The experiment results are based on the following environment: CPU: Intel(R) Core(TM) i5-7300HQ @2.50 GHz, GPU: NVIDIA GeForce GTX 1050 Ti, Operating System: Windows 10 64 bits, Matlab: 2022a. Figure 5 displays the comparative results of three classifiers, with SVM achieving the highest accuracy of 84.1%, while softmax performed the worst with only 75.3%. This illustrates that SVM showed a better generalization ability in the small sample data sets. A notable limitation of this study was the relatively small size of the dataset, as deep learning models typically require a larger training dataset to fully demonstrate their capabilities. In future work, we aim to address this limitation by either collecting our own dataset or applying appropriate data augmentation methods to increase the dataset size. Another potential limitation is the complexity of hyperparameters, as this study employed numerous parameters. Thus, further research is necessary to determine how best to appropriately tune these hyperparameters.

In addition, alternative evaluation metrics could be used to assess the effectiveness of the proposed model. Figure 6 provides an ROC curve of three classifiers. Figure 7 and Table 1 present the confusion matrices and the overall results of the precision and recall values for the proposed CNN.
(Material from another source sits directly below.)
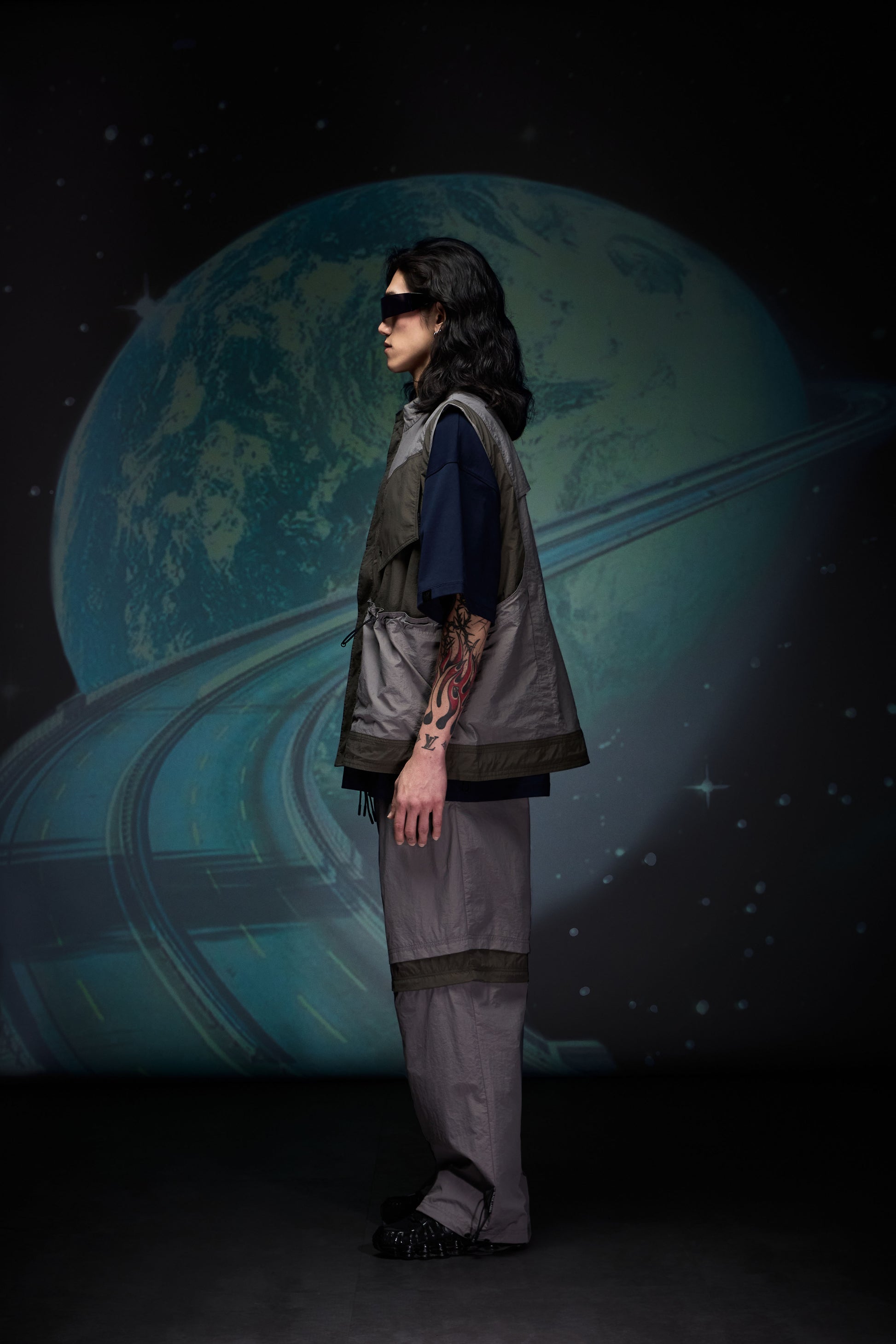 The trouser legs are decorated with brand identification woven labels and adjustable drawstrings, which are full of details.

To showcase the effectiveness of the proposed method, we conducted a comparative analysis with several state-of-the-art models. The presentation of this comparative literature is detailed in Table 2.

The contrasted performance with different results are presented in Table 3. We demonstrate the notable classification accuracy of our approach, surpassing most of the current state-of-the-art models. Impressively, we achieved a remarkable accuracy rate of 95.2% for subject 9, which is higher than for the other models. Additionally, our study boasts a minimal average accuracy gap of 25.4% across the nine subjects, indicating that our method effectively avoids personal irregularity and learns distinct action models associated with various MI states automatically in EEG. These findings highlight the potential of our approach to improve EEG-based classification in various research domains.

Table 4 shows the classification accuracy with different feature maps as the input, CSP, FFT, and STFT, and a CWT test using BCI Competition IV Dataset 2B. The input image signal is trained and tested by the proposed CNN using 10 × 10-fold cross-validation. Among the evaluated models, CWT-CNN demonstrates a competitive performance, which outperforms the CSP-CNN 4.1%, and FFT-CNN 4.5%, and STFT-CNN 2.2%, respectively, highlighting the efficacy of utilizing CWT for enhanced time–frequency feature extraction in EEG signal analysis. Although the average accuracy of CWT-CNN is the highest, however, for subjects 4, 7, and 9, the accuracy of CWT-CNN is lower than other models, suggesting a potential influence of individual variability on model performance.

Table 5 compares the models including TBTF-CNN [9], CWT-CNN [8], and our proposed model. On average, our proposed model achieves an average accuracy of 84.1%, achieving the highest accuracy compared with TBTF-CNN (81.3%) and CWT-CNN (83.0%). It is worth noting that our model achieved the highest accuracy for subjects 5, 6, 8, and 9, which were 91.7%, 87.2%, 93.3%, and 95.2%, respectively.

4. Discussion

To enhance BCI system performance, we proposed a parallel novel CNN architecture that inputs EEG signal maps transformed by CWT. Results on the left and right hand MI-EEG signals, the mean classification Precision, Recall and F1-Score obtained by CWT-CNN algorithm are 85.71%, 81.41%, 0.835, respectively. Basically, the proposed CNN model is able to process these time–frequency images and classify MI tasks with superior performance than other traditional classification models, which demonstrates the potential of combining CWT with deep learning techniques.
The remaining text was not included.